みんな自分の中の辛いことや思春期で成長期の不安、大人になるということの汚れ穢れみたいなものを自分以外の何かに投影するようになる。いわば依り代のようにしてみんなの意識の中でだけ育まれた
大ちゃん
という存在。概念。
それはやがて妄想が幻覚になり、幻覚が実体を持ったかのように振舞うようになる。
みんなの頭の中で生み出された
大ちゃんという存在
が文字通り独り歩きを始める。
そして奇妙な事件が人知れず起き、忘れられていった。

数十年後。部活の仲間が久しぶりに再会したのは顧問の先生の突然の訃報が切っ掛けだった。
葬儀の席で交わされる会話に混じるノイズのような記憶。
大ちゃん、って、いたよね?
恐る恐る切り出した安藤さんの美しく白い素肌の横顔は心なしか青ざめて震えているようだった…。

とまあ、そんなお話にしたら面白そうだよね、と。
顧問の先生まだまだ全然元気だし。
あと安藤さんをヒロインにしたのは私が河合さんと安藤さん、二人いた女子部員でどっちが好みかって話の時に安藤さん派だったから。
去年の同窓会で久しぶりに会ったけどまた美人になってたな。

でさ。みんなの中でだけ生きてた大ちゃんが、当時新婚で子供も生まれたばかりだった先生のどす黒い部分にも触れてしまい…子供たちは子供たちのどす黒い部分を大ちゃんという架空の存在を通すことで受け止めたり飲み込んでいった、また忘れることが出来たのに対して、大人のどす黒い部分というのは抱え続けなくてはならない、終わりのないマラソンのようなもので。
結局、中学を卒業してバラバラに進学した私たちはいつしか大ちゃんの事を忘れていった。大ちゃんに背負わせた色んな感情、不安、成長に伴うあれやこれも一緒に。だけど先生だけはそこにとどまって、日々の生活を送っている。
大ちゃんは、そんな先生の中にだけ残っていたんだ…。

大ちゃんは、生きていた…?
大ちゃんって、ホントに居た…?
大ちゃんって、ホントは居た…?

おぼろげな記憶を頼りにかつての故郷に向かう佐野(私だ)、熊谷、山田(同級生で大ちゃんと一番仲が良かった)、そして安藤が目にした真実とは…!?

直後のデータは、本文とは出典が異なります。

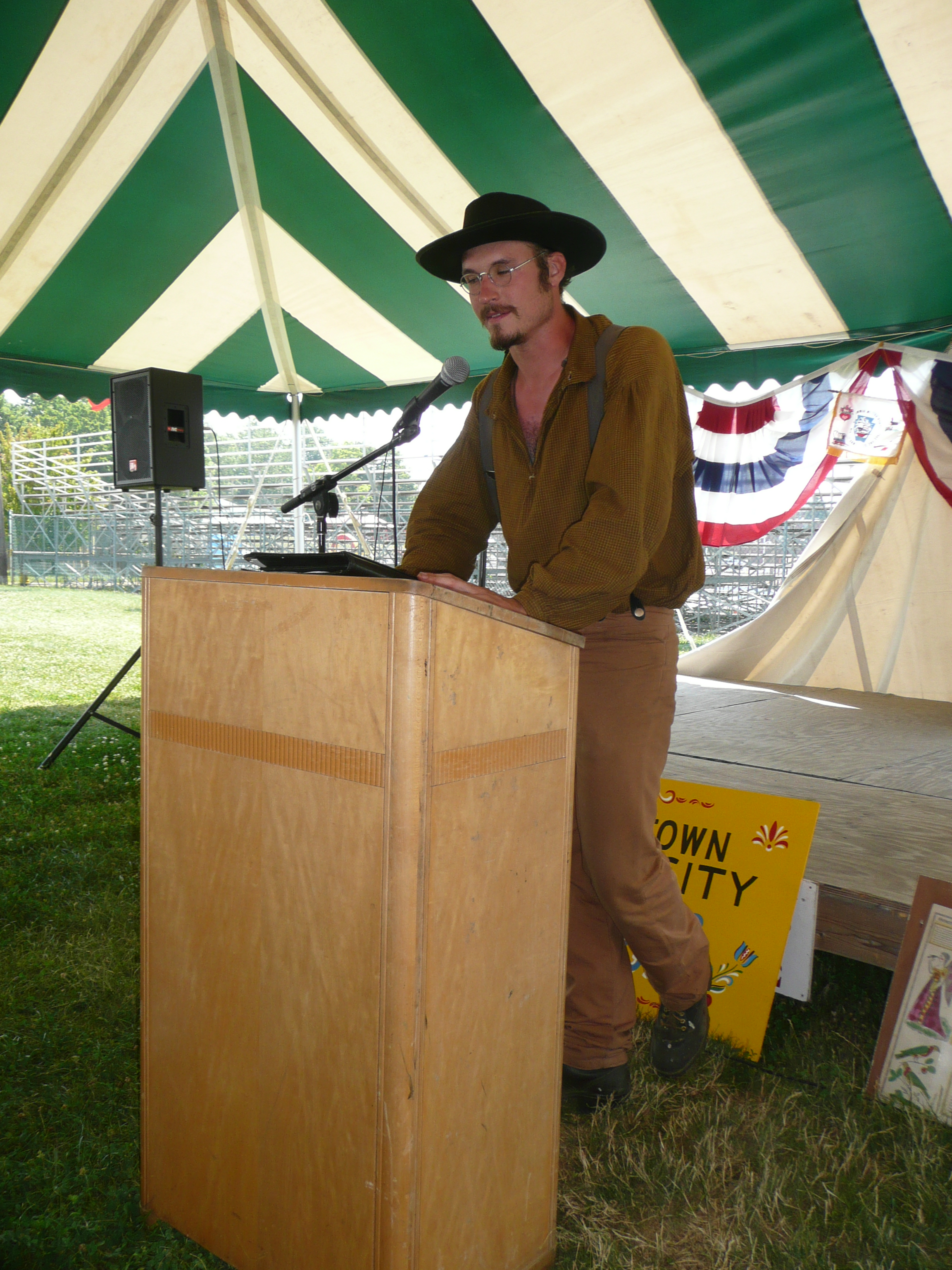 Ich bin nicht mehr sicher, wann mir Patrick zum ersten Mal begegnet ist. Es müsste im Jahr 2007 gewesen, als ich Ed Quinters Dialektklassen in Kutztown besuchte – man kann dort „Pennsylvania German“ im Nebenfach studieren. Vermutlich saß Patrick da in einer der Reihen unter den Studierenden. Ein Foto aus dieser Zeit habe ich nicht gefunden. Etwa 2011 wurde er Assistent von Prof. Rob Reynolds, dem damaligen Chef des Heritage Centers. Nach dessen Weggang übernahm er 2013 die Leitungsfunktion. Seit diesem Zeitpunkt arbeiten wir beim Projekt „Hiwwe wie Driwwe“ eng zusammen, und seit 2021 ist er Mitherausgeber der Zeitung.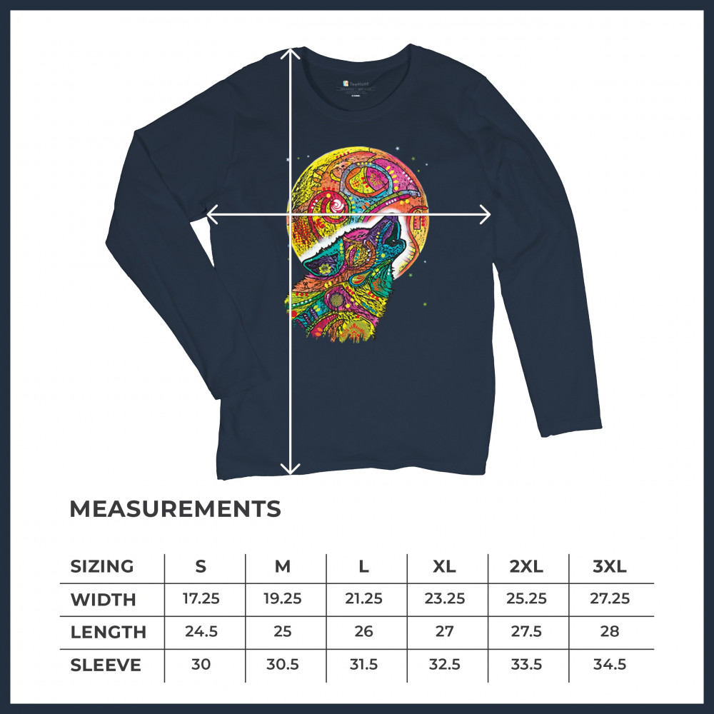 HOWLING WOLF AND MOON women's long sleeve t-shirt dean russo colorful wild life navy blue

何しろ登場人物の名前が全部そろってる上にキャラクターも出来上がってるからポンポン浮かぶ。でもそれは内輪の話が基になっているからで、これ全部ちゃんと書くとすげえ長さになるなあ…あと安藤さんって書いちゃうともう下手なこと書けないよなあ…せっかく18きn何でもないです。絞めないで(安藤さんは黒帯、キッドさんは白帯)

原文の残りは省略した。